EXERCISE DESCRIPTION: From the line containing "法式格子小飞袖衬衫女夏季新款设计感小众衬衣宽松小个子短款上衣" down to the final line of the entries below, quote every line verbatim. Exclude pictures.

DATA TO EXAMINE:
....

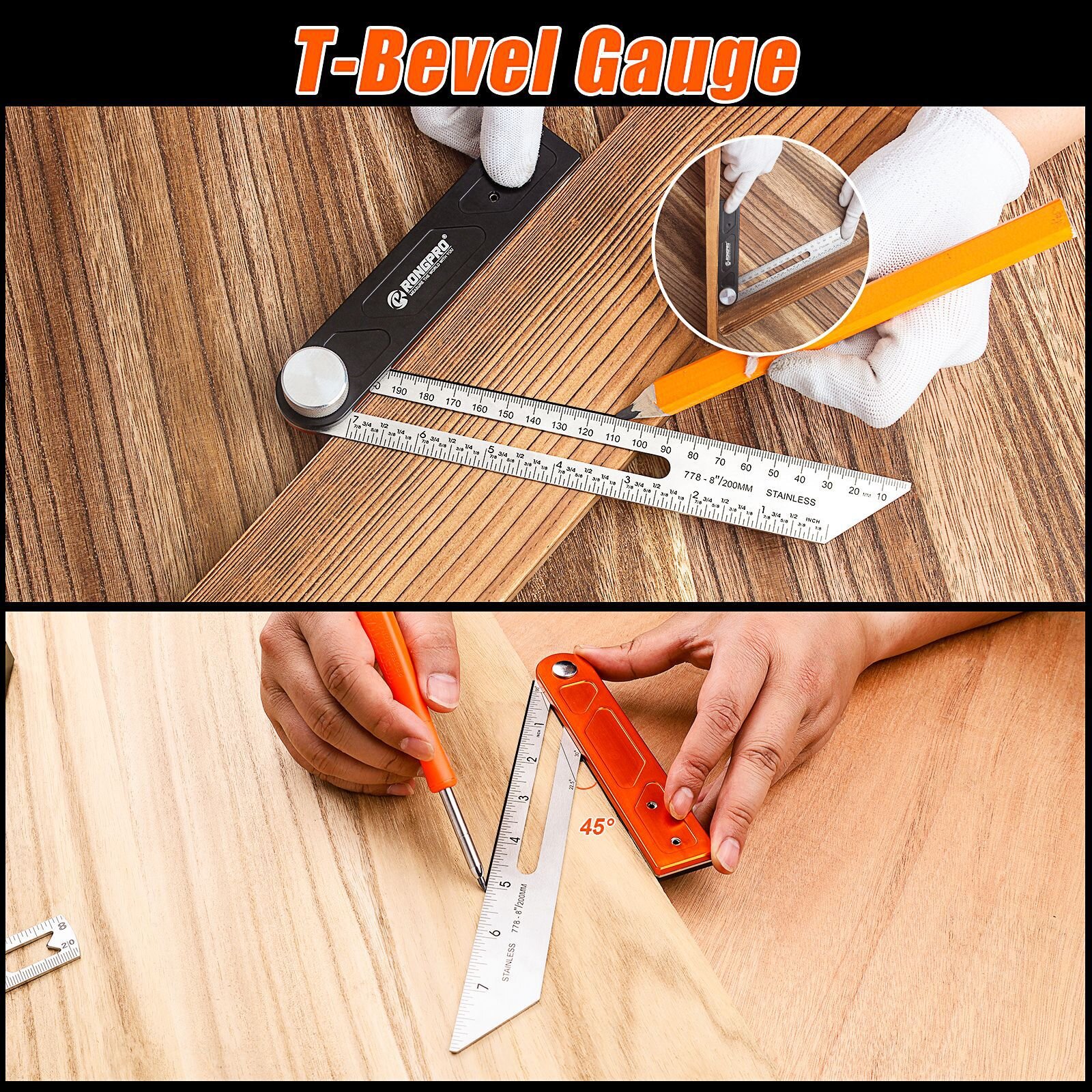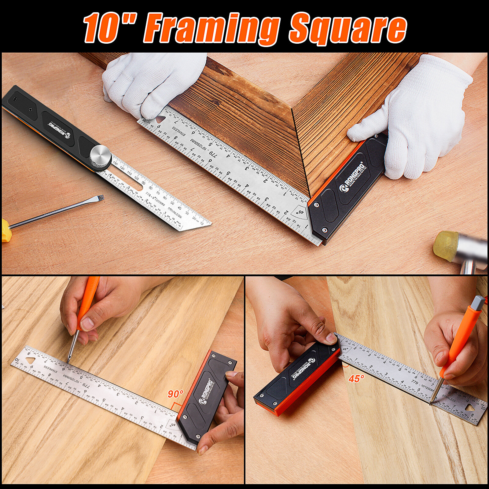 1.Precision Engineering: Built with high-quality aluminum alloy and stainless steel, ensuring accurate measurements for both metric and imperial scales. Perfect for woodworking, construction, and DIY projects. 2.Multi-Functional Design: Includes a 10u201d framing square, 7u201d carpenter square, 8u201d protractor, and adjustable T-bevel gauge, making it versatile for angle finding, straight edge marking, and center measurement tasks. 3.Laser-Etched Markings: Permanent etching ensures measurement visibility in all lighting conditions without fading over time, delivering reliable performance for everyday use. 4.Ergonomic Handling: Engineered for easy grip during use, with lightweight materials that balance strength and functionality, allowing for extended periods of use without discomfort. 5.Easy Adjustability: Features a smooth, lockable knob on the T-bevel gauge and protractor for secure angle settings, enhancing speed and repeatability during woodworking projects.
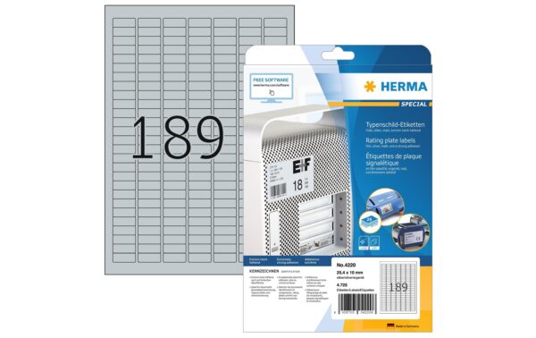 Herma Typenschild-Etiketten 4220 25 x 10 4725 Etiketten, A4, 25 Blatt, silber
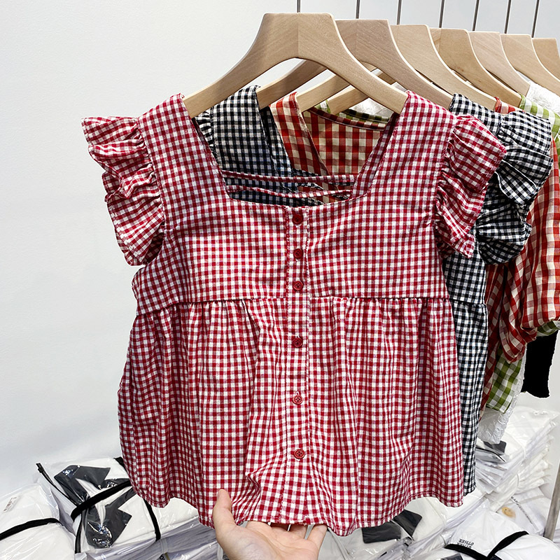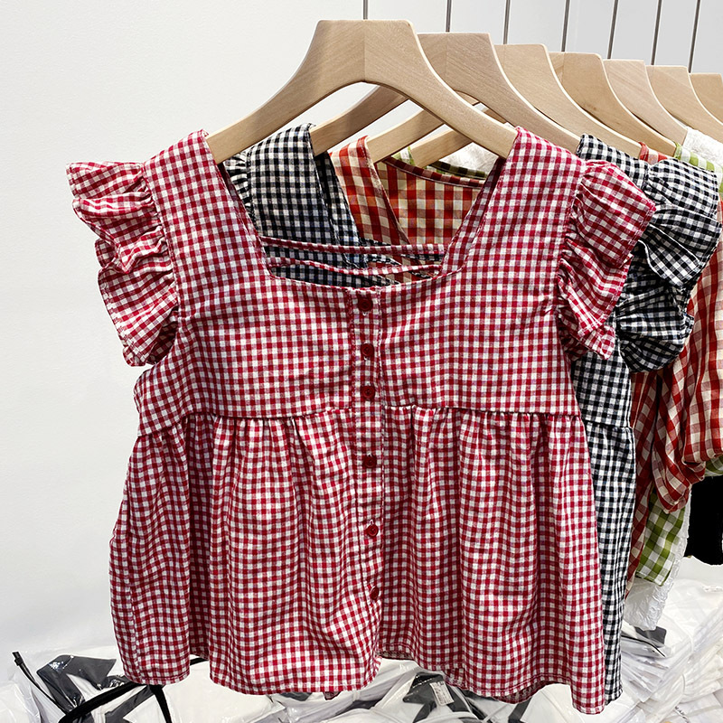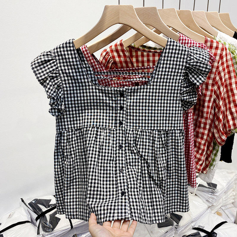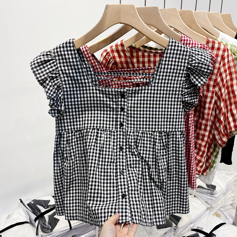 法式格子小飞袖衬衫女夏季新款设计感小众衬衣宽松小个子短款上衣
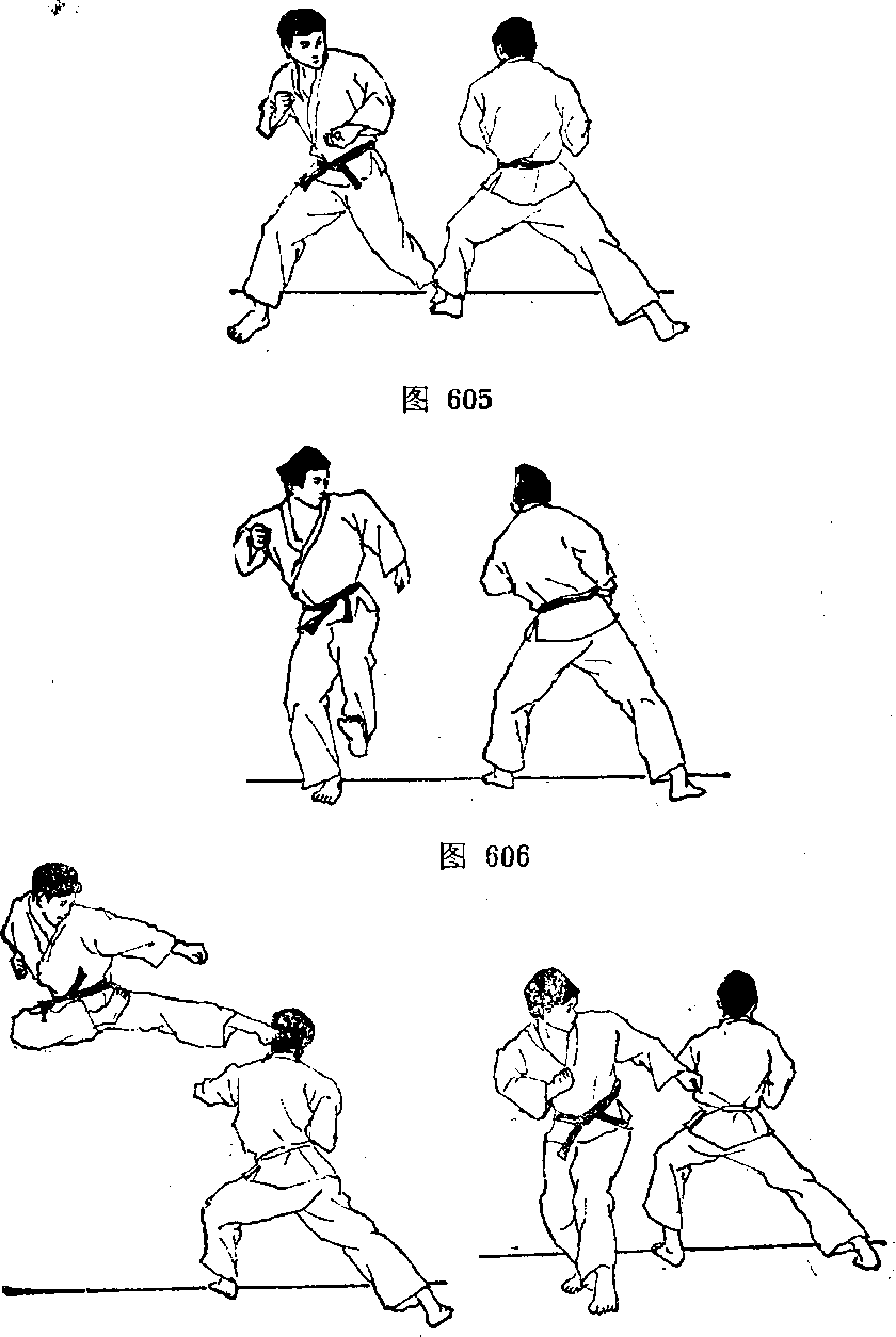 ① 对方用中段顺冲拳攻来时,身体重心旁移至右脚躲闪 (图 605)。② 躲闪后,右脚踏地起跳,同时屈抬左脚(图606)。③ 高高跳起,左脚朝斜下方踢击对方侧头部(图607〉。④ 右脚、左脚依次向对方斜后方落地(图608)。注意点:① 错体(躲闪)要在对方冲拳即将到位之前进彳九② 要掌握好跳跃的时机。—、复习本周第一天所学的内容第二天第二天二、 自由组手第二天第二天
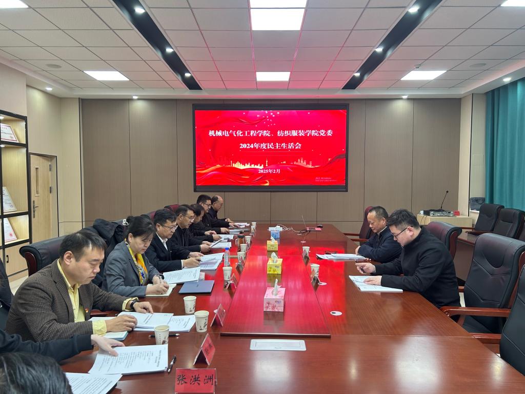 党委、纺织服装学院党委联合召开2024年度民主生活会。学校党委常委、统战部部长高庆华到会指导。学院党委书记王旭峰同志主持会议。

....

EXERCISE RESULT:
 法式格子小飞袖衬衫女夏季新款设计感小众衬衣宽松小个子短款上衣
 ① 对方用中段顺冲拳攻来时,身体重心旁移至右脚躲闪 (图 605)。② 躲闪后,右脚踏地起跳,同时屈抬左脚(图606)。③ 高高跳起,左脚朝斜下方踢击对方侧头部(图607〉。④ 右脚、左脚依次向对方斜后方落地(图608)。注意点:① 错体(躲闪)要在对方冲拳即将到位之前进彳九② 要掌握好跳跃的时机。—、复习本周第一天所学的内容第二天第二天二、 自由组手第二天第二天
 党委、纺织服装学院党委联合召开2024年度民主生活会。学校党委常委、统战部部长高庆华到会指导。学院党委书记王旭峰同志主持会议。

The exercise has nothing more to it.